One of the first blockbusters was Kang Je-gyu's Shiri (1999), a film about a North Korean spy in Seoul. It was the first film in South Korean history to sell more than two million tickets in Seoul alone.[35] Shiri was followed by other blockbusters including Park Chan-wook's Joint Security Area (2000), Kwak Jae-yong's My Sassy Girl (2001), Kwak Kyung-taek's Friend (2001), Kang Woo-suk's Silmido (2003), and Kang Je-gyu's Taegukgi (2004). In fact, both Silmido and Taegukgi were seen by 10 million people domestically—about one-quarter of South Korea's entire population.[36]

South Korean films began attracting significant international attention in the 2000s, due in part to filmmaker Park Chan-wook, whose movie Oldboy (2003) won the Grand Prix at the 2004 Cannes Film Festival and was praised by American directors including Quentin Tarantino and Spike Lee, the latter of whom directed the remake Oldboy (2013).[10][37]

Director Bong Joon-ho's The Host (2006) and later the English-language film Snowpiercer (2013), are among the highest-grossing films of all time in South Korea and were praised by foreign film critics.[38][11][39] Yeon Sang-ho's Train to Busan (2016), also one of the highest-grossing films of all time in South Korea, became the second highest-grossing film in Hong Kong in 2016.[40]

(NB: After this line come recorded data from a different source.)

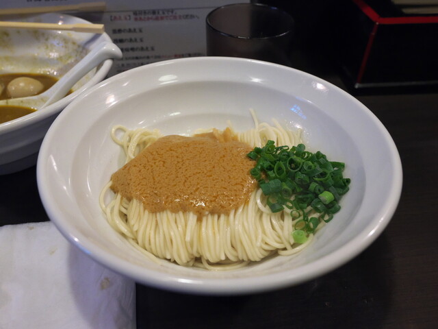 前と変わりませんね。つけ汁はトマトも相まって赤っぽいです。エビみそはオマールエビでしょう。麺はツルツルでコシのある平打ち多加水麺(?)。昆布水に漬かっています。
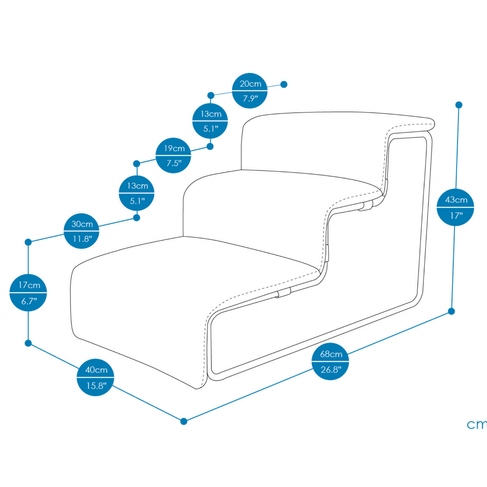 Steps Height Dimension: 1st Step H 17cm, 2nd/3rd Step H 13cm
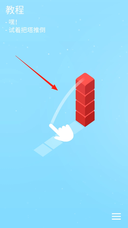 按照教程的指引,用手指滑动屏幕,给红色塔块施加推力使其倾倒,先熟悉操作方式再开启推塔挑战,感受基础的推塔机制。

In 2019, Bong Joon-ho's Parasite became the first film from South Korea to win the prestigious Palme d'Or at the Cannes Film Festival.

LGBT/Queer CinemaEdit

LGBT/Queer films and representations of LGBT/Queer characters in South Korean cinema can be seen since the beginning of South Korean cinema despite public perceptions of South Korea as being largely anti-LGBT. Defining “queer cinema” has been up for debate by critics of cinema because of the difficulties in defining “queer," which becomes complicated when defining it in film. The term "queer" has its roots in the English language and although its origins held negative connotation, reclammation of the term began in the 1980s in the U.S. and has come to encompass non-heteronormative sexualities even outside of the U.S.[41] Thus, queer cinema in South Korea can be thought of as encompassing depictions of non-heteronormative sexualities. On this note, LGBT and queer have been used interchangeably by critics of South Korean cinema.[42] While the characteristics that constitute a film as LGBTQ can be subjective due to defining the term “queer” as well as how explicit or implicit LGBTQ representation is in a film, there are a number of films that have been considered as such in Korean cinema.

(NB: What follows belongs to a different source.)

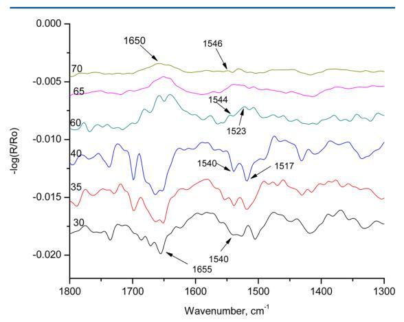 圖8顯示了HI-Langmuir單層在10 mN m處的p極化 ? 1在30、35、40、60、65和70°的六個不同角度。 在布儒斯特角之前,30、35和40 mN/m處的角未顯示出β片的特征帶。 所有三個角度顯示1655和1540厘米處的條紋 ? 1分別對應于酰胺I和酰胺II吸收。 這條帶子在1517厘米處 ? 1,對應于α-螺旋,在35°和40°中存在。 在布儒斯特角之后,所有60、65和70°的三個角都顯示出介于1650和1655之間的帶,這對應于α-螺旋中的酰胺I吸收。 當角度為60°時,在1523 cm處可以看到峰值 ? 1,對應于β片。 光譜中的其他譜帶都不是α-螺旋或β-片的特征。 光譜表明HI在空氣中以α-螺旋的形式存在 ? 水界面。 在10 mN m的恒定壓力下,隨著角度的增加 ? 1,發現光譜中的α-螺旋特征減少。

According to Pil Ho Kim, Korean queer cinema can be categorized into three different categories regarding visibility and public reception. There is the Invisible Age (1945-1997), where films with queer themes have received limited attention as well as discrete representations due to societal pressures, the Camouflage Age (1998-2004) characterized by a more liberal political and social sphere that encouraged filmmakers to increase production of LGBT films and experiment more with their overt depictions but still remaining hesitant, and finally the Blockbuster Age (2005–present) where LGBT themed films began to enter the mainstream following the push against censorship by independent films prior.[43]

Though queer Korean cinema has mainly been represented through independent films and short films, there exists a push for inclusion of LGBT/queer representation in the cinema as well as a call for attention to these films. Turning points include the dismantling of the much stricter Korean Performing Arts Ethics Committee and the emergence of the Korean Council for Performing Arts Promotions and the "Seoul Queer Film and Video Festival" in 1998 after the original gay and lesbian film festival was shut down by Korean authorities.[44] The Korea Queer Film Festival, part of the Korea Queer Culture Festival, has also pushed for visibility of queer Korean films.

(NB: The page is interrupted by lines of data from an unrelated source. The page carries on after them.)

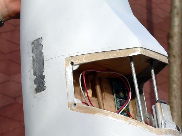 Die Gewindestangen dienen auch dazu bei, die schwere Spitze gegenüber dem Ausschnitt des Cockpit zu stabilisieren.
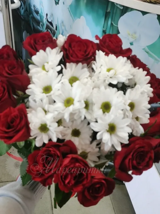 Роза - 9 шт Кустовая хризантема - 5 шт
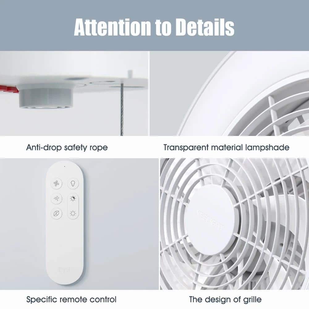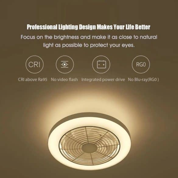 Αυτή η συσκευή είναι ουσιαστικά 3 σε 1 συσκευές, αφού καταφέρνει να συνδυάζει την λειτουργεία ως φωτιστικό – ανεμιστήρας αλλά και ως μία έξυπνη (Smart) συσκευή, που μπορείτε να την διαχειριστείτε απευθείας από το Smartphone σας ή από το τηλεχειριστήριο που συμπεριλαμβάνεται στην συσκευασία.

LGBT/queer films by openly LGBT/queer directorsEdit

LGBT/queer films by openly LGBT/queer identifying directors have historically been released independently, with a majority of them being short films. The films listed reflect such films and reveal how diverse the representations can be.

  • Everyday is Like Sunday (Lee Song Hee-il 1997): The independent, short film directed by openly-LGBTQ identifying Lee Hee-il follows two male characters who meet then become separated, with direct representation of their relationship as homosexual. The independent aspect of the film may have had a role in allowing for a more obvious representation of homosexuality since there is less pressure for appealing a mainstream audience and does not require government sponsorship.[44]
  • No Regret (Lee Song Hee-il, 2006): An independent film co-directed by Lee Hee-il and Kim-Cho Kwang-su, both of whom had ties to the gay activist group Ch’in’gusai, portrays LGBTQ characters in a way that normalizes their identities.[43] The film was also able to see more success than usual for independent films for its marketing strategy that targeted a primarily female audience with an interest in what is known as yaoi.[43][45]
  • Boy Meets Boy (Kimjo Kwang-soo, 2008): Claimed by the director to be inspired by their own personal experience, the independent short film tells an optimistic story of two men, with the possibility of mutual feelings of attraction after a brief encounter.[46] Even though there is homosexual attraction, it is told through a heterosexual lens, since the masculinity of one character and the femininity of the other are in contrast with each other, creating ambiguity about their queerness due in part to homophobia in society and the political cimate[45]
  • Just Friends? (Kimjo Kwang-soo, 2009): This independent short film by Kimjo Kwang-soo, also written as Kim Cho Kwang-soo, represents LGBTQ characters, with the main character, Min-soo, having to deal with his mother’s disapproval of his relationship with another male character. This short film, like Boy Meets Boy also offers a more optimistic ending.[47]
  • Stateless Things (Kim Kyung-mook, 2011): In the film, both LGBT characters and Korean-Chinese immigrant workers are considered non-normative and are marginalized.[48] The film can be considered to have a queer point-of-view in the sense that it has an experimental quality that creates ambiguity when it comes to non-normative themes. However, the films does depict graphic, homoeroticism, making the representation of homosexuality clear.[48]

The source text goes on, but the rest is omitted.